Jean Bruller, le réformisme, la révolution

Préambule

Vision des gauches

Une utopie réalisée: le Rassemblement populaire

Le changement mondial espéré dès maintenant

Le changement social, c'est maintenant, mais...

Briand/Bruller: le double politique et intellectuel

 

 

 

 

 

 

Préambule

"Le changement, c'est maintenant", "changer la vie", "changer de cap"... Autant de slogans qui, par une parole aux allures performatives, promettent la réalisation en actes politiques de changements économiques, sociaux, moraux et humains pour le plus grand nombre. Les gauches débattirent des modalités de cette transformation progressiste: exercice du pouvoir confié aux socialistes dans un Etat bourgeois, ou bien mise à bas du système? La mise en œuvre de ce programme divisa la gauche politique tout autant que les intellectuels.  

En 1935, dans son discours au Congrès des écrivains, le chef de file des Surréalistes André Breton déclara: "Transformer le monde, a dit Marx.

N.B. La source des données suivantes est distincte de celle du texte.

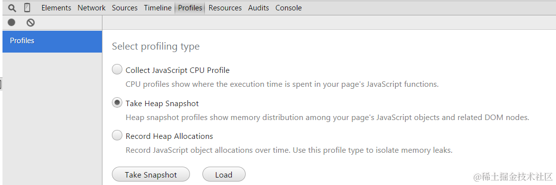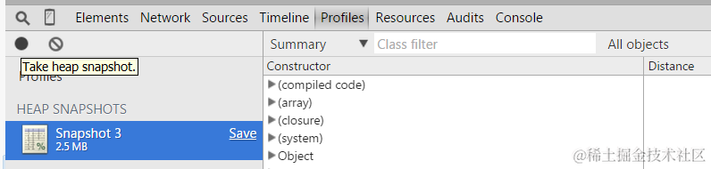以调试mode执行代码到line 16,点击icon “Take heap snapshot.”生成第二个snapshot: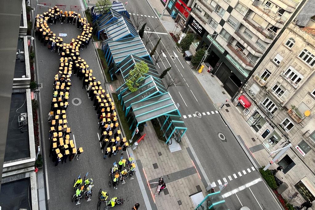 “Este lazo dorado que formasteis hoy es la imagen de la sensibilidad que Vigo tiene hacia esos niños y esas familias que se enfrentan a un momento tan duro y complicado”, señaló Ortiz una vez finalizada la iniciativa en el centro de la ciudad.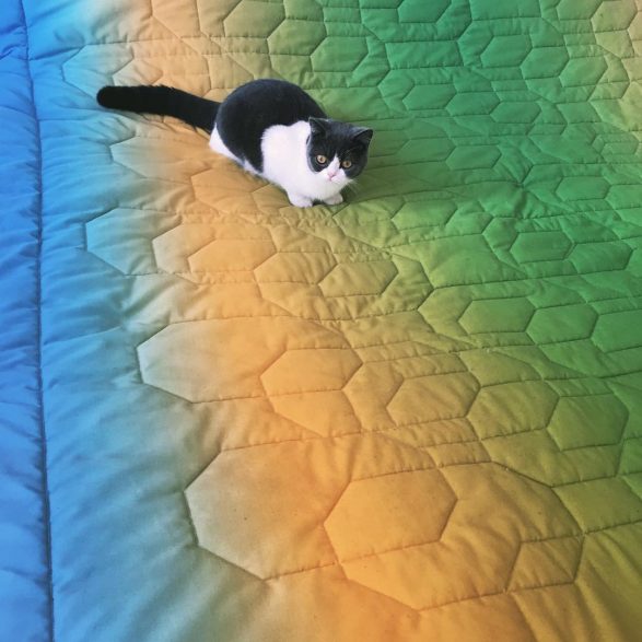 Couverture surpiquée en coton imprimé.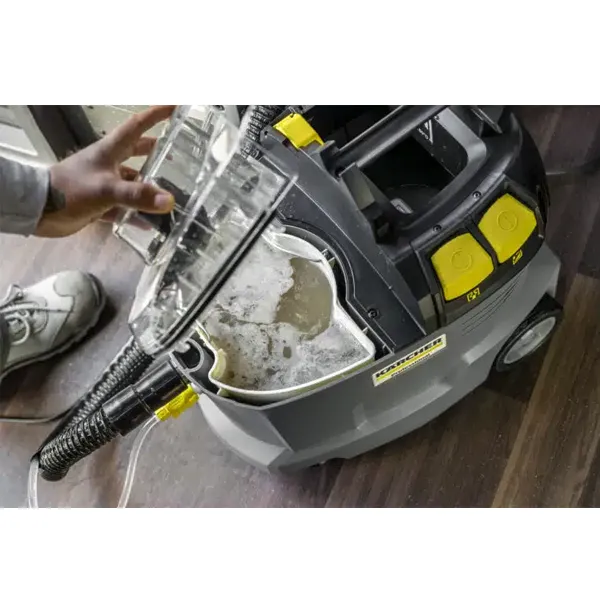 A embalagem contém: Bocal de estofos com alça integrada; Mangueira de pulverização/aspiração, 2.5 m; Tubo de aspiração

Changer la vie, a dit Rimbaud: ces deux mots d'ordre pour nous n'en font qu'un". Dans cet entre-deux-guerres, que pensa Jean Bruller, admirateur d'Aristide Briand, d'une part du Cartel des gauches et des gouvernements radicaux (1924-1926 et 1932-1934), d'autre part du Front populaire (1936-1938), rassemblement populaire et union des gauches (dont le PCF)?

L'état actuel des archives retrouvées ne permet pas (encore?) d'accéder aux théories conceptuelles de Jean Bruller. Aucun document ne livre l'expression directe de sa pensée sur les gauches dans les années 20 et 30. Aussi est-ce par ses actes artistiques que nous avons la possibilité de circonscrire ses choix de l'époque, donc ses options politiques. Son grand œuvre graphique, La Danse des vivants, porte l'empreinte dès 1932 de son souci des événements historiques, en particulier de la montée des fascismes. Et lui qui souhaitait faire œuvre intemporelle sera happé par l'actualité, comme le prouvent de plus en plus ses dessins entre 1935 et 1938, ainsi que son album Visions intimes et rassurantes de la guerre (1936). La geste artistique accompagna ses convictions politiques, surtout à partir de 1935.

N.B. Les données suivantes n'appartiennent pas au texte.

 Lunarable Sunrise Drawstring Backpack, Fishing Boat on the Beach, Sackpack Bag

C'est donc surtout dans ses mémoires, en particulier dans Cent ans d'Histoire de France (1981-1984), que Vercors livra rétrospectivement sa traversée de l'entre-deux-guerres. Précieuses indications de ses rencontres entre intellectuels de gauche qui incitent à fouiller les archives propices aux informations précises et nouvelles; synthèse de sa vision des gauches, avec le désavantage de tout un retravail de la mémoire et d'un polissage autant lié aux temps qui a passé qu'à son expérience, entre-temps, de compagnon de route du PCF.

 

Vision des gauches

Jean Bruller s'ancra à gauche de l'échiquier politique dès qu'il fut jeune adulte. Il hérita de son père Louis Bruller, "un bon radical", dreyfusard, démocrate, républicain, laïque et libre penseur, selon les informations que Vercors donna au journaliste Gilles Plazy (A Dire vrai). Par imprégnation familiale tout autant que par précoce souci d'égalité et de justice, Jean Bruller pencha à gauche. Pour autant, nous affirme le mémorialiste, son scepticisme radical, perceptible dans la philosophie pascalienne de La Danse des vivants, sa méfiance des partis politiques, même de gauche, l'empêchèrent jusqu'en 1936 de se rendre aux urnes:

 

"Il y aura en mai [1932] des élections législatives. Elles se feront sans moi - et c'est sans moi qu'elles ramèneront la gauche au pouvoir. Mais la gauche radicale".

 

A lire Les Occasions perdues (deuxième tome de ses mémoires Cent ans d'Histoire de France), ainsi que ses essais Sens et non sens de l'Histoire (1971, réédition 1978), Ce que je crois (1975), on saisit au détour d'une phrase que Jean Bruller-Vercors réprouvait les tendances anarchistes et qu'il s'élevait contre les radicaux et les néo-socialistes. Il s'en ouvrit à plusieurs reprises dans ses mémoires, notamment en fustigeant "la mollesse des radicaux" ou cette "gauche autodestructrice".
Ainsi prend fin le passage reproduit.